Entendo que estamos passando por mudanças significativas no modo de viver e que com o clima político de liberdade, propício às transformações da cultura, os povos tendem a evoluir mais rapidamente. Isso é indiscutivelmente necessário e eu amo ser livre pra pensar e expressar meus pensamentos.

Pretendo neste texto ater-me à nossa realidade mineira interiorana, para propor uma reflexão sobre a importância da cultura na construção da nossa identidade, da nossa individualidade, do nosso modo de ser. Neste sentido vamos partir da família, suas tradições e seus valores. Muita coisa mudou. Até aí tudo bem, é normal que uma cultura seja incorporada por outra, um costume modificado por outro, um valor ou princípio repensado e substituído por outro. Sem nostalgia ou regressionismo, vamos pensar praticando.

Há algum tempo atrás, “outro dia mesmo”, a família seguia algumas tradições que serviam de base para alguns princípios e valores. E hoje? Como ensinar valores, se as tradições não são levadas em consideração? Cada um vai decidir de acordo com a sua capacidade de entender o mundo? Quais princípios irão sobreviver à era capitalista, competidora, globalizada e mercantilizada?

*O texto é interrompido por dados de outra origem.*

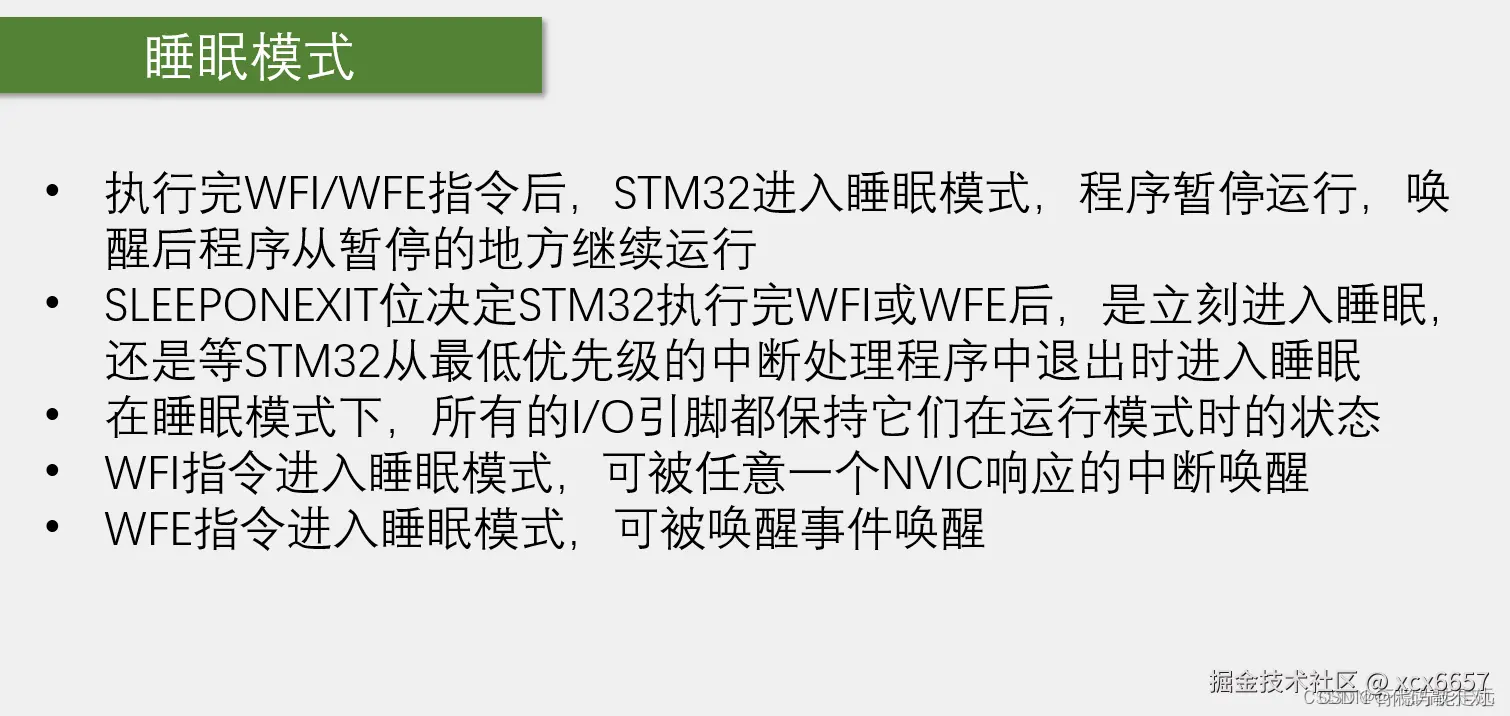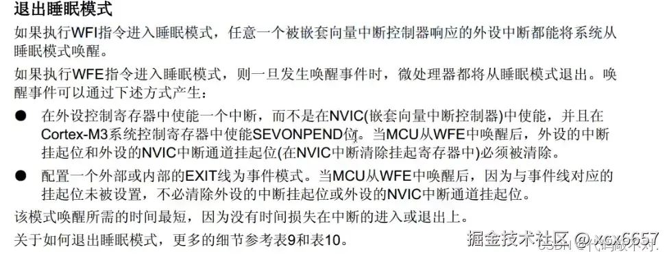 WFE,意思是wait for event等待事件,对应的唤醒条件是唤醒事件,这个事件可以是外部中断配置为事件模式,也可以是使能中断,但是没有配置NVIC。 调用WFE进入的睡眠模式,产生唤醒事件时会立刻醒来,醒来之后一般不需要进中断函数,直接从睡的地方继续运行,这是WFI和WFE的作用。

Dia desses era assim: Ninguém saía ou entrava em casa sem dizer: “bença pai, bença mãe, bença vó!”… Fora as questões religiosas, pedir a benção era sinal de respeito, de educação, de valorização dos mais velhos e até de comunicação. Podia não haver diálogo, mas ninguém ia dormir sem pedir a benção.

Lembro que lá em casa, esse costume não era limitado à família. Minha mãe me obrigava a pedir a bênção a torto e a direito. Apontava D. Felisbina lá na rua, minha mãe já dizia: _Toma bença menina! Tem educação não? Acho que é por isso que eu sou tão “abençoada!”.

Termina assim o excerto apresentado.